__WHAT TO DO__
Could you reproduce, from the records below, everything from the line with "Η πορεία της" down to the line with "Oltre 1.700 studenti", keeping both of those lines and changing nothing?

__THE DATA__
- - - -

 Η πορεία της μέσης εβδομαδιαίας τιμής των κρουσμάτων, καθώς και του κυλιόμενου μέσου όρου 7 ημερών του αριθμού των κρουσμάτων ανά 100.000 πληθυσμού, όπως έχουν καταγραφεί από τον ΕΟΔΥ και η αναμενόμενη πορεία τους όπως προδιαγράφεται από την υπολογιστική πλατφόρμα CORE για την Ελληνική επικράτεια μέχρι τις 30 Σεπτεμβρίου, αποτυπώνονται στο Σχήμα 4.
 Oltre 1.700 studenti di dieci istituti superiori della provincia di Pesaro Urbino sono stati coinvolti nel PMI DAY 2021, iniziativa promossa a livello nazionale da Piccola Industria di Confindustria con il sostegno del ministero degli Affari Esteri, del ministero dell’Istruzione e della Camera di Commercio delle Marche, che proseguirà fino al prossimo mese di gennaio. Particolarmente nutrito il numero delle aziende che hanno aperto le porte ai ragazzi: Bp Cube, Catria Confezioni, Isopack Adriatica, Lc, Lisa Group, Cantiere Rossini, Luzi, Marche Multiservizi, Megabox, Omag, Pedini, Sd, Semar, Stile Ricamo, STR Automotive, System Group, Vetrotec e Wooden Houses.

- - - -

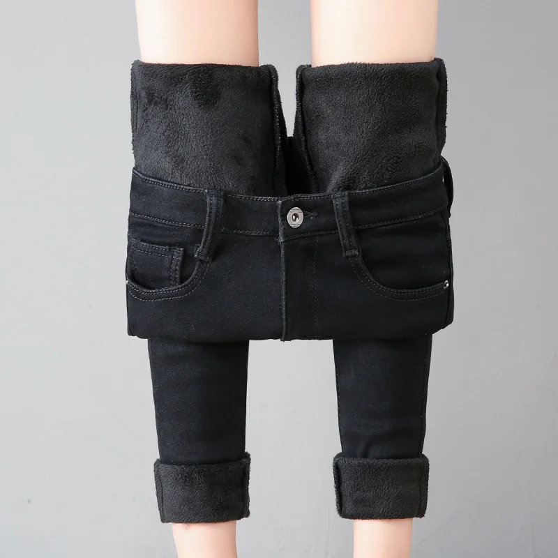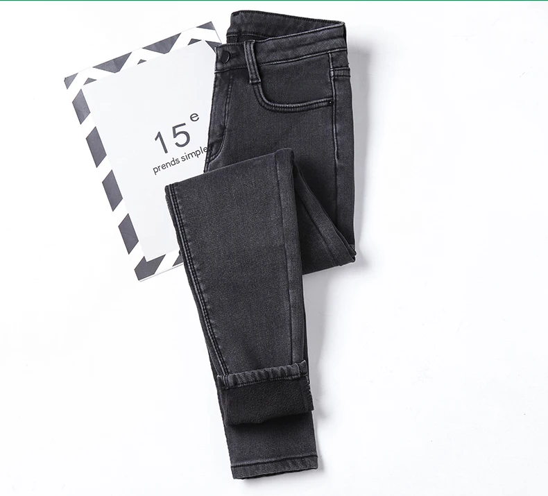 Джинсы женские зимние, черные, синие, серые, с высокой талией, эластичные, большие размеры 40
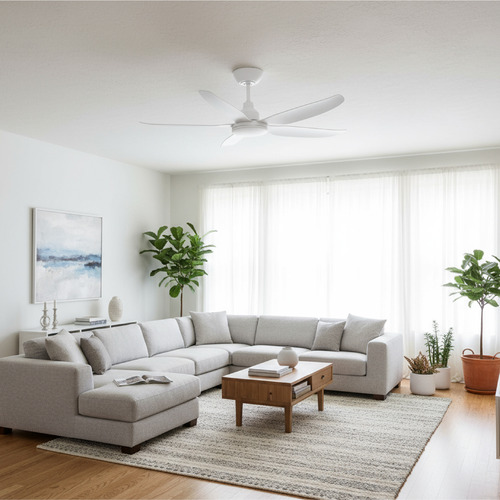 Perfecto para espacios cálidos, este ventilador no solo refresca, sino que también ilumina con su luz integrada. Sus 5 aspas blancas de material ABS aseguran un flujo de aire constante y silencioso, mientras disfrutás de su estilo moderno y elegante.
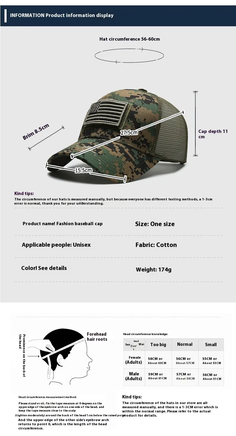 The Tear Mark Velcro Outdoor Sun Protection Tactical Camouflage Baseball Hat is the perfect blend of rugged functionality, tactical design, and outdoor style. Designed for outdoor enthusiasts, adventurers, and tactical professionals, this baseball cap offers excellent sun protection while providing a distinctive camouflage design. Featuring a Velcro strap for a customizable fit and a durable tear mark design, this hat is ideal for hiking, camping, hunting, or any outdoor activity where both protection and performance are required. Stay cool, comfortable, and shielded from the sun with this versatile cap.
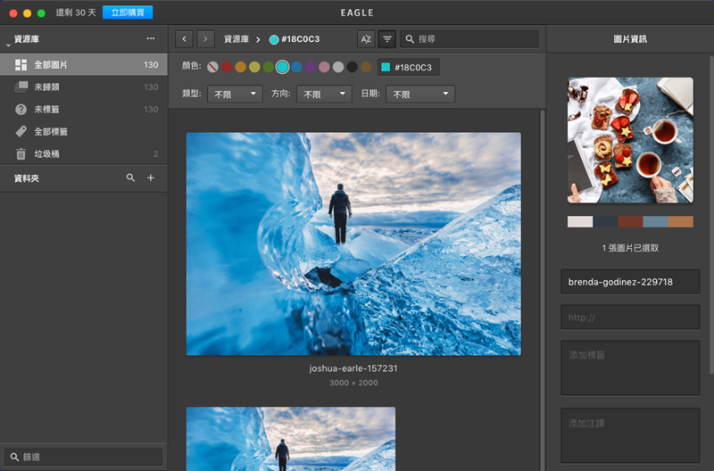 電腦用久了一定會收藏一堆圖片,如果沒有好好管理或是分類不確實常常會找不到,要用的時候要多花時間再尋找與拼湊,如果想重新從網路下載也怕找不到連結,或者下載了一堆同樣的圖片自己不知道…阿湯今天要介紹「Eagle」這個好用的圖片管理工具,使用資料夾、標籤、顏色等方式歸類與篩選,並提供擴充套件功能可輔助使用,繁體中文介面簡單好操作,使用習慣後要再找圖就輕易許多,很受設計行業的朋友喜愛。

- - - -

__EXERCISE SOLUTION__
 Η πορεία της μέσης εβδομαδιαίας τιμής των κρουσμάτων, καθώς και του κυλιόμενου μέσου όρου 7 ημερών του αριθμού των κρουσμάτων ανά 100.000 πληθυσμού, όπως έχουν καταγραφεί από τον ΕΟΔΥ και η αναμενόμενη πορεία τους όπως προδιαγράφεται από την υπολογιστική πλατφόρμα CORE για την Ελληνική επικράτεια μέχρι τις 30 Σεπτεμβρίου, αποτυπώνονται στο Σχήμα 4.
 Oltre 1.700 studenti di dieci istituti superiori della provincia di Pesaro Urbino sono stati coinvolti nel PMI DAY 2021, iniziativa promossa a livello nazionale da Piccola Industria di Confindustria con il sostegno del ministero degli Affari Esteri, del ministero dell’Istruzione e della Camera di Commercio delle Marche, che proseguirà fino al prossimo mese di gennaio. Particolarmente nutrito il numero delle aziende che hanno aperto le porte ai ragazzi: Bp Cube, Catria Confezioni, Isopack Adriatica, Lc, Lisa Group, Cantiere Rossini, Luzi, Marche Multiservizi, Megabox, Omag, Pedini, Sd, Semar, Stile Ricamo, STR Automotive, System Group, Vetrotec e Wooden Houses.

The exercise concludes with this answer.